MATERIALS AND METHODS

In situ hybridization. Double in situhybridization was performed as described by Svenningsson et al. (1997)on 10-μm-thick brain sections of wild-type mice from an hybrid C57BL/6x129Sv strain. The GluR6 cRNA probe was labeled with [³⁵S]UTP, whereas probes for substance P and enkephalin mRNA were labeled with digoxigenin-11-UTP. Brain sections were hybridized overnight with a combination of³⁵S- and digoxigenin-labeled probes. Slides were washed in RNaseA and various concentrations of SSC. Sections were rinsed in buffer and incubated with alkaline phosphatase-conjugated anti-digoxigenin antiserum. After a series of rinses and incubation in different buffers, sections were dried and dipped into Ilford K5 emulsion. The sections were exposed for 3 weeks then developed and mounted for microscopic examination. Labeled neurons in the dorsal and ventral striatum were identified and counted by using computer-assisted image analysis (Histo 200; Biocom, Les Ulis, France). Two categories of neurons were counted: those exhibiting either only nonradioactive signal or only radioactive signal and those that exhibited both signals. Data are analyzed as neuronal density (number of neurons counted per square millimeter).

Electrophysiology. Parasagittal brain slices (350- to 400-μm-thick) were made from hybrid C57BL/6x129Sv wild-type and GluR6-deficient mice (Mulle et al., 1998) aged 15–23 d. Slices were kept at 32°C in an oxygenated (95% O₂ and 5% O₂) artificial CSF (ACSF) containing (in mm): 125 NaCl, 2.5 KCl, 2 CaCl₂, 1 MgCl₂, 1.25 NaH₂PO₄, 26 NaHCO₃, and 25 glucose, pH 7.4. Slices were transferred to a recording chamber where they were continuously perfused with oxygenated ACSF. Neurons were visualized throughout the experiment with an upright microscope using Nomarski-type differential interference contrast optics combined with infrared videomicroscopy. Whole-cell voltage-clamp recordings of medium-sized neurons in the dorsal striatum were made at room temperature with patch electrodes pulled from borosilicate glass capillaries and filled with a CsCl-based solution containing (in mm): 140 CsCl, 2 MgCl₂, 1 CaCl₂, 10 EGTA, 10 HEPES, and 2 Na₂-ATP, pH 7.3. Electrode resistance was 2.6–3.2 MΩ. Whole-cell membrane currents were recorded with an EPC9 amplifier (Heka, Lambrecht, Germany) driven by a Macintosh PowerPC computer. Neurons were voltage-clamped at a holding potential of −80 mV. For cell-attached recordings, the patch pipette was filled with a HEPES-buffered extracellular solution. For whole-cell current-clamp experiments, patch pipettes were filled with a solution containing (in mm): 120 KGluconate, 20 KCl, 2 MgCl₂, 1 CaCl₂, 10 EGTA, 10 HEPES, and 2 Na₂-ATP, pH 7.3.

EPSCs or IPSCs were evoked at a frequency of 0.2 Hz by electrical stimulation of the slice using a patch electrode filled with saline positioned on the slice surface in the vicinity of the recorded neuron. To study evoked EPSCs and IPSCs, the concentrations of CaCl₂ and MgCl₂ were both increased to 4 mm.
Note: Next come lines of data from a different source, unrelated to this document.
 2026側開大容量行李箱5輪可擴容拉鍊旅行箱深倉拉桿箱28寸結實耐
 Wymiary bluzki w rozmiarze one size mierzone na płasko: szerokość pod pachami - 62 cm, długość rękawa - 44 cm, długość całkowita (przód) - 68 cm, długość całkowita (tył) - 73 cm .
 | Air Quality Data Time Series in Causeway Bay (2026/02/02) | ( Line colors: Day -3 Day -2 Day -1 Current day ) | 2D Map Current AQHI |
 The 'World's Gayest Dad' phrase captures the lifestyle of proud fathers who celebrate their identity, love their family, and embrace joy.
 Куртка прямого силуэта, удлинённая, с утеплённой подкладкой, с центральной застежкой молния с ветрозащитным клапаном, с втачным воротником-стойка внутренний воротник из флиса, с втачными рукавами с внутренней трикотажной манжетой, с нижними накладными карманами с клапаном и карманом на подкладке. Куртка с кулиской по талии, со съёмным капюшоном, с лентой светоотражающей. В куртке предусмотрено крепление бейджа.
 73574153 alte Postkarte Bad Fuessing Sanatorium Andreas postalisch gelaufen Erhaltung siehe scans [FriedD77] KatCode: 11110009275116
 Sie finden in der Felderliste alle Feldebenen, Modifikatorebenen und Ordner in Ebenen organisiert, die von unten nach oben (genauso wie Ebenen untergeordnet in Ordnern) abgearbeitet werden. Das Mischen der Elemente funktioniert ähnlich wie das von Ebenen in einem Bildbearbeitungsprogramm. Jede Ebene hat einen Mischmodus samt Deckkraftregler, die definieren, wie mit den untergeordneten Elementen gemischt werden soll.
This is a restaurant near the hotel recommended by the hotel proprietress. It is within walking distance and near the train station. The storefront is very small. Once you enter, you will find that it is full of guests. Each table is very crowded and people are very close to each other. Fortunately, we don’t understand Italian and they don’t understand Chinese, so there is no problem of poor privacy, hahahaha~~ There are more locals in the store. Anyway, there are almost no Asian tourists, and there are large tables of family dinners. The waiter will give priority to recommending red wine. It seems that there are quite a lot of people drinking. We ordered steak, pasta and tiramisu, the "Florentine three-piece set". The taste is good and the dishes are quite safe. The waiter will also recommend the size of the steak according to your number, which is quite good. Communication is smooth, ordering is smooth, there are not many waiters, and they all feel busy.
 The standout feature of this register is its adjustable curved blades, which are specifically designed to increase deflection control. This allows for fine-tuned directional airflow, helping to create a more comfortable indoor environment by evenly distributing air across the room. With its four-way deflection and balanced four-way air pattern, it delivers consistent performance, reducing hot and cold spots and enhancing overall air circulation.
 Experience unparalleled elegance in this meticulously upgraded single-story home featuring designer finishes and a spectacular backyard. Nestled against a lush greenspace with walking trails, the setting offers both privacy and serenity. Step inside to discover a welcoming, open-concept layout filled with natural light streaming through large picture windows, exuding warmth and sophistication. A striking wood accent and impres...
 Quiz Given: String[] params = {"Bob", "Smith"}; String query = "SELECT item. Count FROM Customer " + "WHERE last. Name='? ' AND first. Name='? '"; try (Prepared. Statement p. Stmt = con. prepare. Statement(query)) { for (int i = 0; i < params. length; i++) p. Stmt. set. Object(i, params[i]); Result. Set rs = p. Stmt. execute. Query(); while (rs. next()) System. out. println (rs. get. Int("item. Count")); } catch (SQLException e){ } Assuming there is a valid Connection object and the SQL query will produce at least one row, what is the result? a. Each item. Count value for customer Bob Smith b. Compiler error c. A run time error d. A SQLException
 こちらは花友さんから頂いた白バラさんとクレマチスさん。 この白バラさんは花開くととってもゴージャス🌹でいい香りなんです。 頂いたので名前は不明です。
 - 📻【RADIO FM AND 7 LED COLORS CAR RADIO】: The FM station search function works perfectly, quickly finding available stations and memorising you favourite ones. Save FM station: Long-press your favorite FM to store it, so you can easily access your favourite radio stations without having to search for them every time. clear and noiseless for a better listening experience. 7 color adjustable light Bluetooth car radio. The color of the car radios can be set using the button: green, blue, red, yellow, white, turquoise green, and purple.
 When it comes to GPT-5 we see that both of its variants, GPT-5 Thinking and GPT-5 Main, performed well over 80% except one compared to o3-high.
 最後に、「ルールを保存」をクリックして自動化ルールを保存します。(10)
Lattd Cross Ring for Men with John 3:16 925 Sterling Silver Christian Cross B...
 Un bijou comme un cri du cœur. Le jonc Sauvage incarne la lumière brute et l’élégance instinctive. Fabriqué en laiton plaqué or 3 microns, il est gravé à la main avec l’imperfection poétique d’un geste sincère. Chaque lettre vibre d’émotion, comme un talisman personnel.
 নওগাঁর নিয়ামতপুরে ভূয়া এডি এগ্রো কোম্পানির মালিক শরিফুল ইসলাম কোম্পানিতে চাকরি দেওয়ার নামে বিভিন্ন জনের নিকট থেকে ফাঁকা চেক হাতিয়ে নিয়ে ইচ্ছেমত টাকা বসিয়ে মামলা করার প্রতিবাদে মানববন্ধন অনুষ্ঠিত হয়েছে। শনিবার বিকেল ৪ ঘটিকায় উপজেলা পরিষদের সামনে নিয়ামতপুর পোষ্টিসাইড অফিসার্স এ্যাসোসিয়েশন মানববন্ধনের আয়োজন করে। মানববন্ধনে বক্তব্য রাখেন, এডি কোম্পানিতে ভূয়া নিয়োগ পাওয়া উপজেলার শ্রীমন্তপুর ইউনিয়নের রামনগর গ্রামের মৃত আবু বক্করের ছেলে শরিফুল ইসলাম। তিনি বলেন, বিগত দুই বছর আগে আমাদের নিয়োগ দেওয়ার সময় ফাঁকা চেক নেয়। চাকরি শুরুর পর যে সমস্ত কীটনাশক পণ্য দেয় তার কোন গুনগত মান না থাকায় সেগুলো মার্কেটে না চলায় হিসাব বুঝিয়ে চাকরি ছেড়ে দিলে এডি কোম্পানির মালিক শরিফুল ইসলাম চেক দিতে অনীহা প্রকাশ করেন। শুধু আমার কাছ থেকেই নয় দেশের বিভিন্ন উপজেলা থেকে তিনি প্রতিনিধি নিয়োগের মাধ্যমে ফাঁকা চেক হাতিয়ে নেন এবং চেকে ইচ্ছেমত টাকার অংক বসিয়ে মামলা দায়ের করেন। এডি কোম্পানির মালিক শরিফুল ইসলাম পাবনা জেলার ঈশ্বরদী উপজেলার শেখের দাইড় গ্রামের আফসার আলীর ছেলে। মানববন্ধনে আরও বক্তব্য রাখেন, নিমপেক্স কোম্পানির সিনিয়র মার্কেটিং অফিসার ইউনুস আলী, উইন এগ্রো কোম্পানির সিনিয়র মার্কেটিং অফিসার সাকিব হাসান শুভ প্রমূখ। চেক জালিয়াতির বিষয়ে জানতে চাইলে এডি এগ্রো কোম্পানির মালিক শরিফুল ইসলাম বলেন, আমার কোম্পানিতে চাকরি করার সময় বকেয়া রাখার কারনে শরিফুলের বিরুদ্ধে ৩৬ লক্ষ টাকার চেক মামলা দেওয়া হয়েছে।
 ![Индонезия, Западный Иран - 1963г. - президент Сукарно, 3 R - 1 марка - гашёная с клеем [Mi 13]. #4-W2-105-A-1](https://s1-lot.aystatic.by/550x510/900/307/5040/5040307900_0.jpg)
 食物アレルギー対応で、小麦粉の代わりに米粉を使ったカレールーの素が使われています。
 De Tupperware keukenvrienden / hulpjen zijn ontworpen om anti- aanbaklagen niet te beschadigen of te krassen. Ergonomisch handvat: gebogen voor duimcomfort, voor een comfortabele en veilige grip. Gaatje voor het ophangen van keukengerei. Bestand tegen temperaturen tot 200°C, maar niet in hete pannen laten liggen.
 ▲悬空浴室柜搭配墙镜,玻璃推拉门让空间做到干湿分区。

Miniature IPSCs (mIPSCs) were recorded in presence of TTX (400 nm) with 3 mmCaCl₂. dl-AP5 (50 μm) was present throughout all recordings. Data were acquired using “Pulse” program (Heka) and analyzed using macros written for Igor (Wavemetrix) and Detectivent for analysis of mIPSC (Bureau et al., 1999). When appropriate, the statistical significance of the results was assessed by using Student's t test. Numerical values are expressed as mean ± SEM, with n indicating the number of cells tested.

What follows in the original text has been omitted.